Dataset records
++++

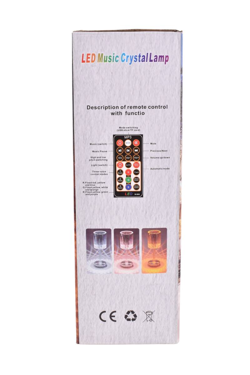 Iluminá tus espacios con estilo y tecnología con esta lámpara LED Music Crystal. Su diseño elegante tipo cristal se combina con efectos de luces RGB, altavoz Bluetooth integrado y control remoto para que puedas crear el ambiente perfecto en cualquier momento. Ideal para dormitorios, escritorios, eventos o como lámpara decorativa.
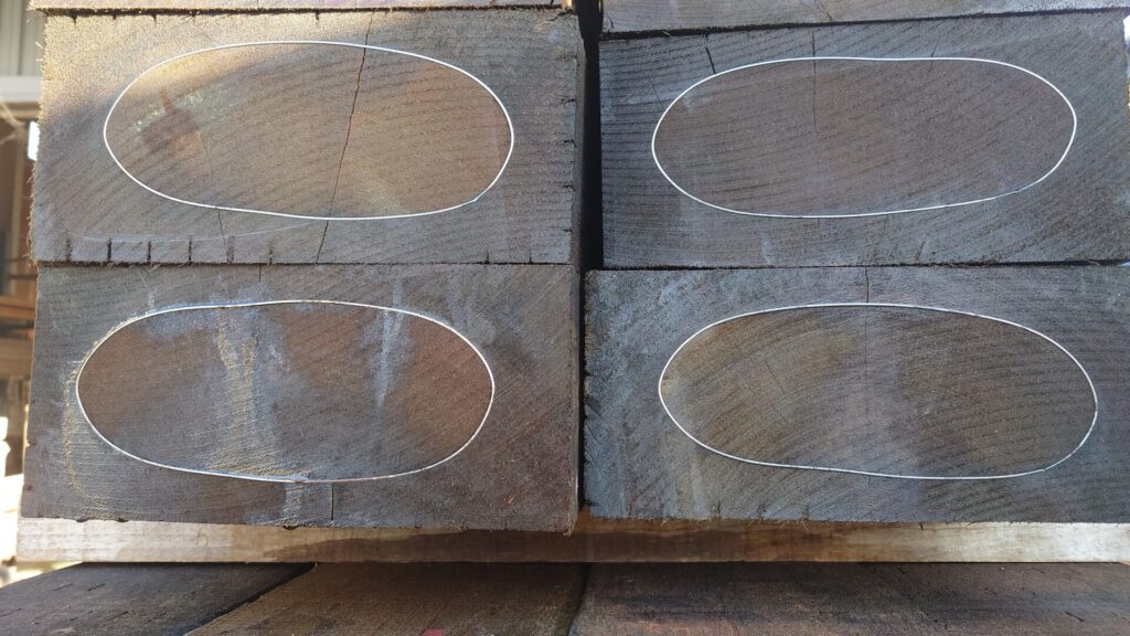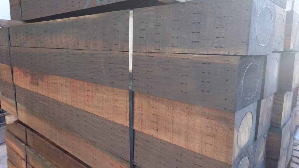 あらかじめ木材表面にインサイジング(意図的な切り込み)加工を施し、その後防虫・防腐剤を加圧注入しています。
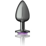 Large, gunmetal, teardrop shaped anal plug with sparkling deep purple colored, round acrylic gemstone. Hypoallergenic, nonporous, body safe, nickel free, aluminum alloy, anal jewelry compatible with all lubricants. Easy to clean and diswasher safe butt plugs.
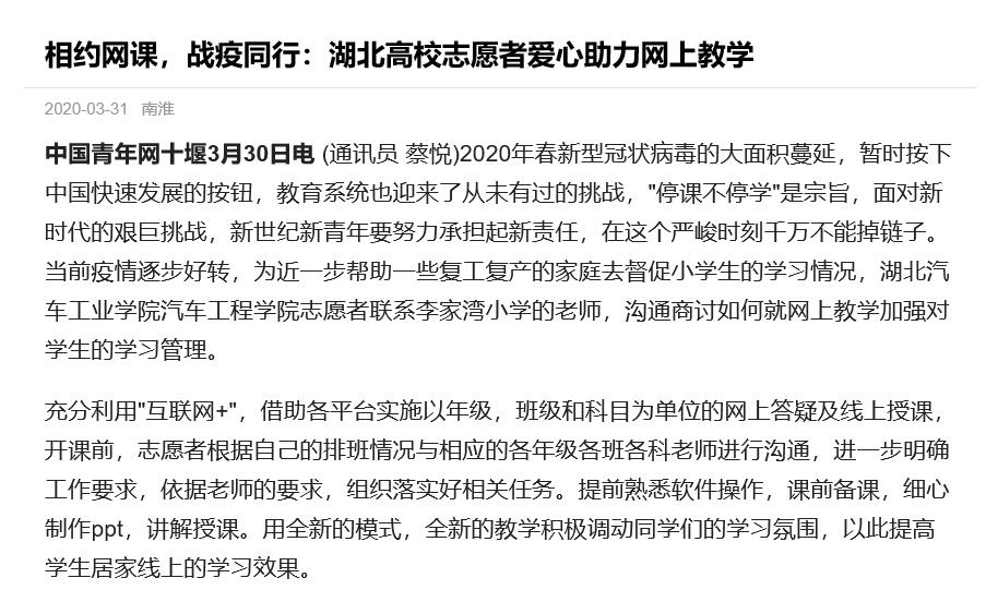 【中国青年网】相约网课,战疫同行:湖北高校志愿者爱心助力网上教学
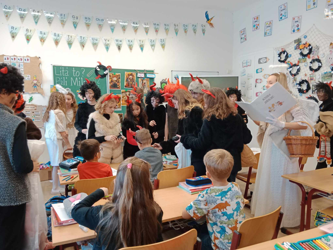 Dne 5. 12 . nás ve škole navštívil Mikuláš s tlupou čertů a andílků. Moc dobře věděli o našich lumpárnách, ale protože jsme správná parta, nikoho z naší třídy neodnesli.
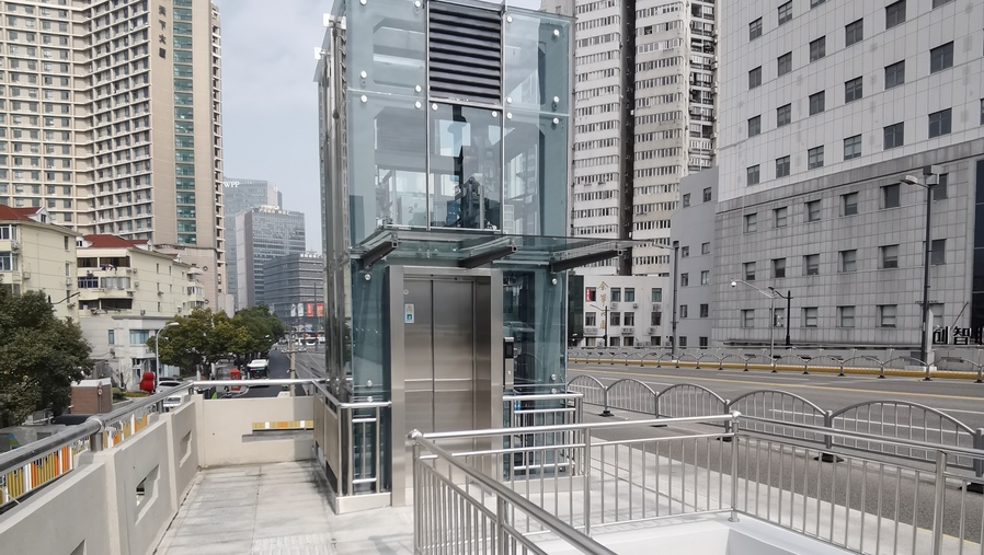 据了解,此次选用的电梯遵循《无障碍设计规范》GB50763标准,采用1.1米×1.4米无障碍电梯,载重量630公斤,核载人数8人;电梯内同步增设了新风系统、视频监控、盲文按钮、电子音箱等设施。同时,原人行平台也进行了改造加固,人行梯道进行适老化改造,增设栏杆扶手、电梯位置指示标志等,精心打造了适老化、无障碍的友好交通出行环境。
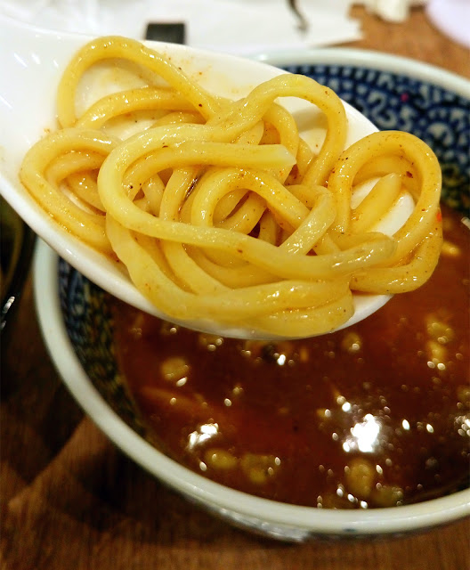 魚介醬汁味道非常濃郁,上面有一陀魚介粉,味道非常非常鹹,旁邊有高湯可以加。

++++

AIM OF THE TASK:
Excluding the pictures, retype the line containing "据了解,此次选用的电梯遵循《" and all lines after it down to the end of the data above.

PROBLEM SOLUTION:
 据了解,此次选用的电梯遵循《无障碍设计规范》GB50763标准,采用1.1米×1.4米无障碍电梯,载重量630公斤,核载人数8人;电梯内同步增设了新风系统、视频监控、盲文按钮、电子音箱等设施。同时,原人行平台也进行了改造加固,人行梯道进行适老化改造,增设栏杆扶手、电梯位置指示标志等,精心打造了适老化、无障碍的友好交通出行环境。
 魚介醬汁味道非常濃郁,上面有一陀魚介粉,味道非常非常鹹,旁邊有高湯可以加。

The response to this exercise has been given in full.